The shimmering disk of the Great Presence loomed large in Qilori’s unseeing eyes. The undulating rumble echoed in his unhearing ears. Reaching blindly to the hyperdrive lever at his right, he squeezed off the locking bar and wrapped his fingers around the lever. He waited until the disk filled his vision, then delicately pushed the lever forward. He waited another moment, savoring the experience one final time, then shut down the sound-blocking part of his headset.

The Great Presence vanished as a quiet hum of Chiss voices filled his ears. He pulled off the headset, blinking as his eyes adjusted to the muted bridge light, and peered through the viewport.

They had arrived.

Casually, he looked around him. All the stations were occupied, but none of the Chiss seemed to be watching him. Keeping his movements small, he reached into one of the storage pouches built into his ID sash and keyed his comm. He’d spent the last three rest periods recording a message for the Nikardun ships lurking out there and then figuring out how to tap into the ship’s short-range transmitter.

A sharp voice from the Chiss at the sensor station cut through the conversational hum. Qilori ran his eyes quickly over the displays, found the tactical one—

He felt his cheek winglets flutter. Three ships were angling in toward the Springhawk, one from starboard, the other two from behind.
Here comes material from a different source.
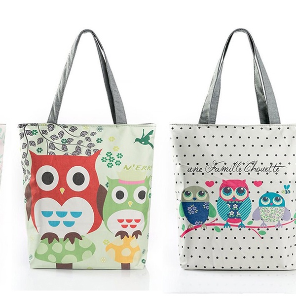 Geräumige Shopping-Tasche mit dekorativen Eulen-Motiv

The markings on the display were all in unreadable Cheunh script, but he knew the ships had to be Nikardun.

His winglets fluttered harder. If the attackers had gotten his message—and if the blockade commander decided a Pathfinder was worth saving—they might go easy on their prey, at least until they’d battered most of the life out of it.

If the commander wasn’t feeling so charitable, Qilori had seen his last star-rise.

The deck gave a sudden jolt. Qilori jerked in response, fully expecting to see a flash of laserfire or a wall of flame from a missile blaze through the bridge wall. But nothing. He looked at the tactical again, frowning.

And tensed. The jolt hadn’t been a Nikardun attack, but the recoil as a shuttle separated from the Springhawk’s flank. Even as he watched, it headed toward the inner system and the planet Rapacc at an incredibly high acceleration.

He clenched his teeth. If Thrawn was hoping whoever was in there would escape, he’d already lost his gamble. The two aft pursuers veered off, accelerating in turn as they chased after the shuttle. Qilori couldn’t read the markings on the velocity/intercept curves, but he had no doubt the two Nikardun would catch the craft long before it reached Rapacc or even the relative safety of one of the asteroid clusters. They would catch it, and with a barrage of laserfire or the more delicate twist of a tractor beam they would destroy or capture it.